В основе, как принято считать, лежат проблемы финансирования. Действительно, трудно в обшарпанных аудиториях, на устаревшем лабораторном оборудовании, в напоминающих скорее ночлежки общежитиях растить будущую инженерную и научную элиту. Трудно делать это, когда кавказское долгожительство становится нормой среди преподавательского состава вузов. И выход видится многим в увеличении финансирования системы.
Но полагаю, что вливать новое вино в старые мехи – занятие непродуктивное. Да у российского государства (будем откровенны!) и нет ресурсов, чтобы увеличить объем финансирования вузов на порядок и обновить их инфраструктуру. А одним увеличением зарплаты можно изменить ситуацию, наверное, только в единичных случаях. Поэтому сначала необходима, в связи с чем сломано уже множество копий, ревизия положения дел в вузах: закрытие безусловно нежизнеспособных, реорганизация подающих признаки жизни, усиленная поддержка имеющих шансы войти в мировую элиту. Но и это не решит всех проблем.
Та часть российской высшей школы, которая имеет шансы «сесть на колесо» уходящим в отрыв лидерам мирового образования, должна будет радикально изменить саму систему – превратиться в так называемые предпринимательские университеты. Такая трансформация университетов происходит во всем мире. Это реакция на новые условия – сокращение государственного финансирования при росте масштабов высшего образования, а также повышение требований «потребителей» (бизнеса и государства) к качеству образования и уровню научных исследований. Она позволяет при необходимости быстро менять технологии и само содержание образования, включить студентов не только в исследовательскую, но и в предпринимательскую деятельность.
Многие страны уже пошли по этому пути: в них постепенно выделяется группа университетов-лидеров, способных войти в мировую элиту, а значит, сохранить конкурентоспособность национальной образовательной системы. Назовем хотя бы близкую нам по модели организации науки и высшей школы Германию.
Типичный «предпринимательский университет» отличается вовсе не тем, что торгует дипломами оптом и в розницу, а тем, что в нем управление строится на принципах стратегического менеджмента в бизнесе. Его задача – диверсификация источников дохода, расширение доходной базы за пределы госфинансирования и поступления от платных образовательных услуг. Такой университет развивает гибкую периферию – научные парки, бизнес-инкубаторы и другие инструменты, позволяющие коммерциализировать интеллектуальный капитал. А общеуниверситетская культура ориентирована на конкуренцию, она побуждает соревноваться за дополнительное проектное финансирование, гранты и тому подобное.

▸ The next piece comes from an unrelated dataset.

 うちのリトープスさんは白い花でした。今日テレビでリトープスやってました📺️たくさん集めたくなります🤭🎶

Главная компетенция предпринимательского университета – он умеет решать задачи и добиваться результата, выходя за пределы имеющихся ресурсов. Важнейший «продукт» таких университетов – выпускники, способные к интеллектуальному предпринимательству, обладающие навыками генерирования нового знания и мотивированные к генерированию этого знания, а не «мерчандайзеры» и «помощники руководителя». Именно навыки производства нового знания позволяют выпускникам нарастить человеческий и социальный капитал, стать успешными на рынке труда, даже если конъюнктура меняется, одни профессии отмирают, а другие появляются.

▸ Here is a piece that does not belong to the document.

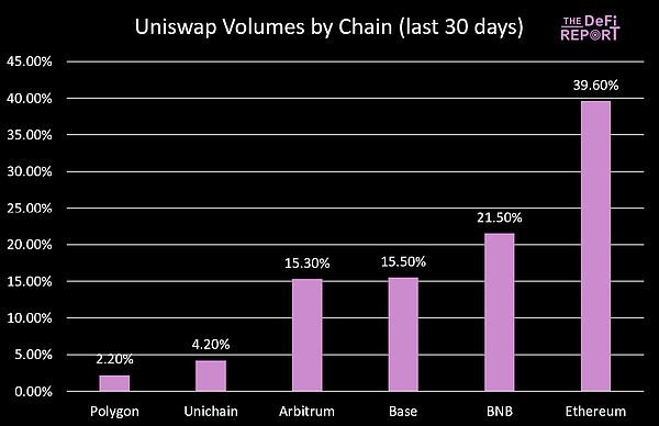 Uniswap 目前 40% 的交易量來自以太坊,較去年的 55% 有所下降。

И здесь возникают два вопроса. Способны ли ведущие российские вузы к такому изменению организационной модели и реальной практики? И не приведет ли такое изменение культуры к окончательному подавлению принципов солидарности и академической автономии, на которых традиционно основывается образовательное сообщество? Особенно – в российских условиях, где функционирование этих принципов и так уже подорвано предшествующим развитием, где дополнительное финансирование со стороны государства сопровождается чудовищным разрастанием бюрократии, разбуханием административного аппарата, не столько отслеживающего реальные достижения, сколько контролирующего, чтобы «было как в документах»? Готового ответа на эти вопросы нет. А риски – есть.